O processo judicial de desapropriação por utilidade pública é regulado pelo


Decreto-Lei nº 3.365/1941, que também trata da desapropriação administrativa, feita
de forma consensual entre as partes.
A dúvida que surge é quanto à sentença em uma ação dessa natureza: ela
declara desapropriado o bem, decreta a desapropriação ou simplesmente estabelece o
valor da indenização, pressupondo-se que a desapropriação em si já ocorreu antes,
com a expedição do ato administrativo?
Particularmente, entendo que a ação judicial decreta a desapropriação, ou seja,
constitui uma situação jurídica nova.

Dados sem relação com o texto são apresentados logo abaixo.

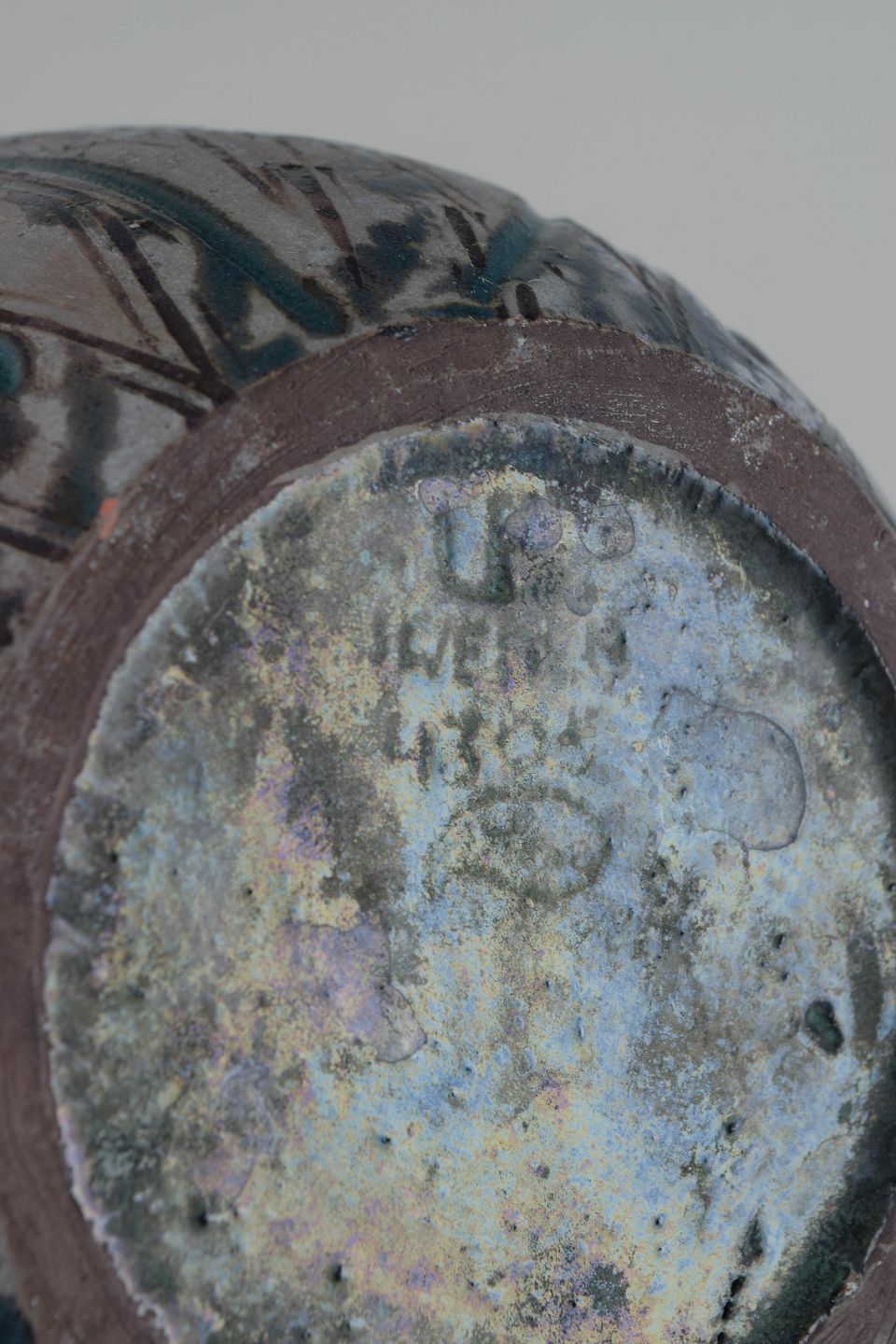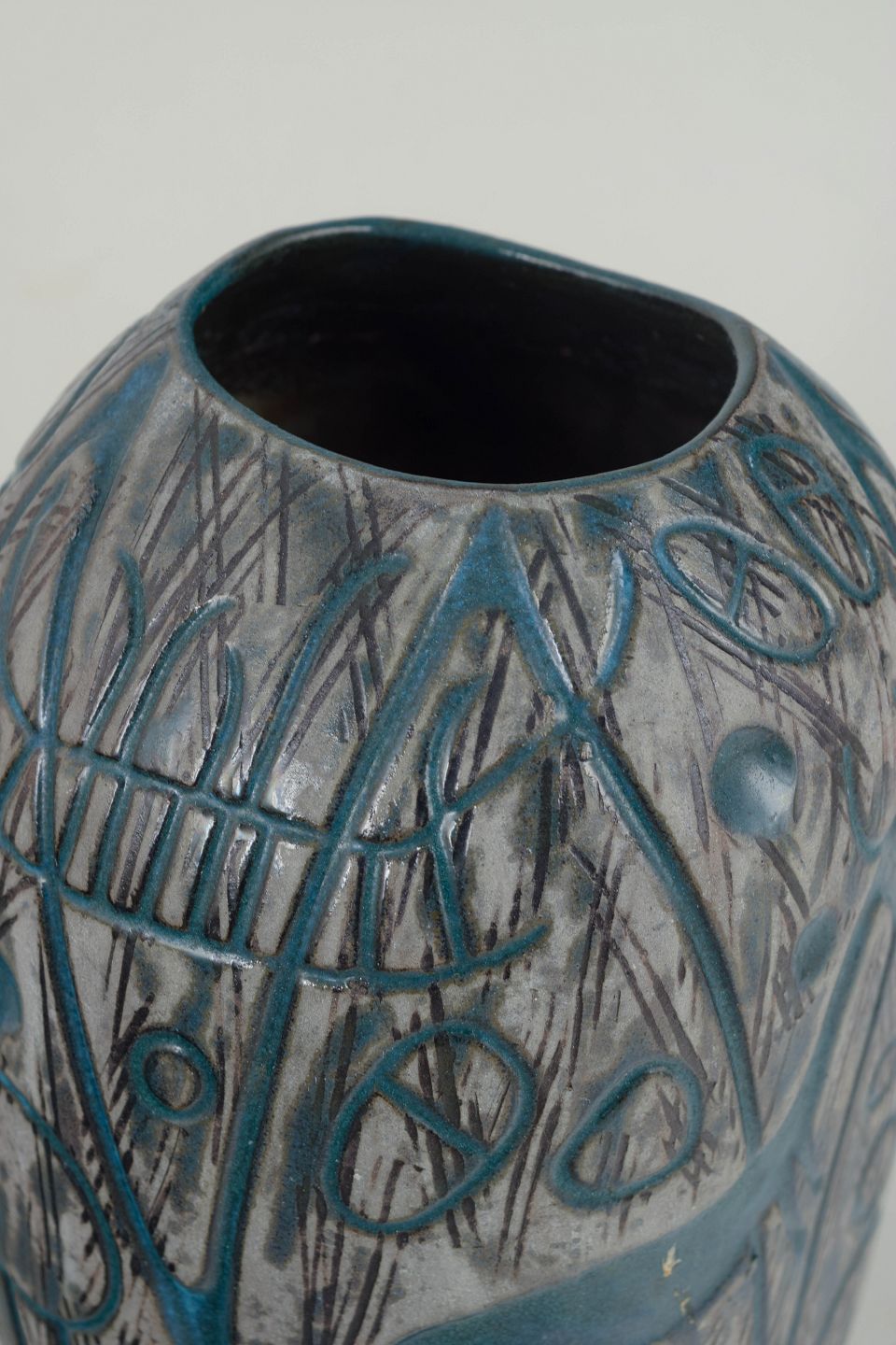 Dekorativ vase i glaseret keramik med reliefdekoration i blågrønne nuancer mod grå bund. Overfladen er rigt ornamenteret med stiliserede figurer og symbolske motiver, karakteristisk for Mari Simmulsons arbejder fra 1960’erne. Vasen er udført som model 4305 fra serien Hedenhös og fremstår med et tydeligt kunstnerisk og fortællende udtryk.

Tenho essa visão com base no Decreto-Lei nº
3.365/1941. É certo que esse texto legal é contraditório e, em alguns momentos, dá a
entender que a perda da propriedade acontece em momento pré-processual. Nesse
sentido:

Art. 13. A petição inicial, além dos requisitos previstos no Código de


Processo Civil, conterá a oferta do preço e será instruída com um
exemplar do contrato, ou do jornal oficial que houver publicado o
decreto de desapropriação, ou cópia autenticada dos mesmos, e a
planta ou descrição dos bens e suas confrontações.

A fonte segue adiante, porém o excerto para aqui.